CHARLOTTE COUNTY, Fla. — Anyone driving a car is always aware of when road construction hits.
Merging into tighter space on highways, navigating detours through cities. Airline passengers may not always notice construction when they're on the tarmac, ready to take off or just in moments after landing.
People around Punta Gorda Airport, in Charlotte County, certainly do.
The airport is closing its longest runway, 4/22, nearly 7,200 feet for renovations for the entire year.
This means that all traffic is shifted to runway 15/33, about 1,000 feet shorter and also moving the take-offs and landings over neighborhoods north and south of the airport.
"Runway 4/22 is about 80 years old and it's absolutely essential that we reconstruct it and rehabilitate it," said Kaley Miller, the airport's director of marketing and communications.
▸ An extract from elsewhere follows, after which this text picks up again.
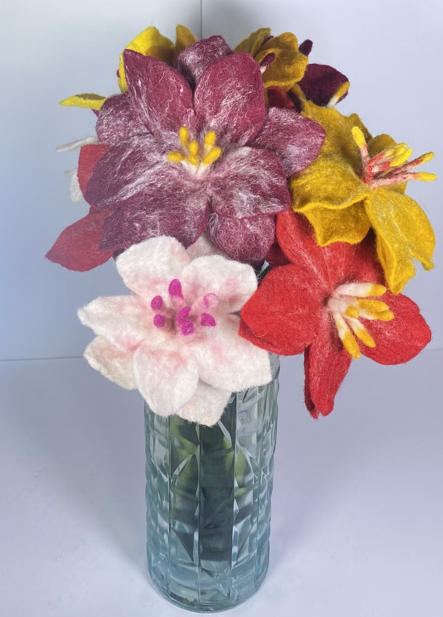 Handmade Felt Flowers made from 100% New Zealand Wool. Great for Home decorations and Gifts. Our felt flowers can be made in various colours, in different shapes and sizes.

Here is the master plan at PGD, according to Miller:
- Adding more commercial airline parking spots. Miller said Punta Gorda has room for "about ten" spaces for planes from Allegiant or Sun Country. Passengers at PGD travel from the gate, onto the tarmac, and up ramps to board the aircraft. Miller said the airport will look to add two more spaces.
- This will also allow more time to add room to the terminal itself at Punta Gorda. In 2013, the airport reported more than 333,000 passengers. In 2019, that figure surpassed 1.6 million.
- To make room for two more parking spaces, Miller said the construction of runway 4/22 would also allow private and general aviation aircraft to shift from directly south of the terminal to a place across the runways, to the eastern end of runway 4.As the work of rebuilding a runway marches on for 2022, the constant noise at the ends of runway 15/33 fill some of the neighborhoods.
People we spoke with, in a three-block stretch off Jones Loop Road, talked about the aircraft, large and small but always with some sound, overhead. They didn't want to go on-camera with FOX 4 but did stress how frequent the noise is.
Our friends in Harbor Heights, parts of Port Charlotte and Deep Creek have seen lots of takeoffs and landings," said Miller. "Rest assured, things will go back to how they were in 2021 when (the 4/22 runway) re-opens in 2023."
The airport's website said commercial traffic will use 4/22 as first priority or takeoffs and landings once the work is complete, with 15/33 to relieve traffic or due to weather conditions.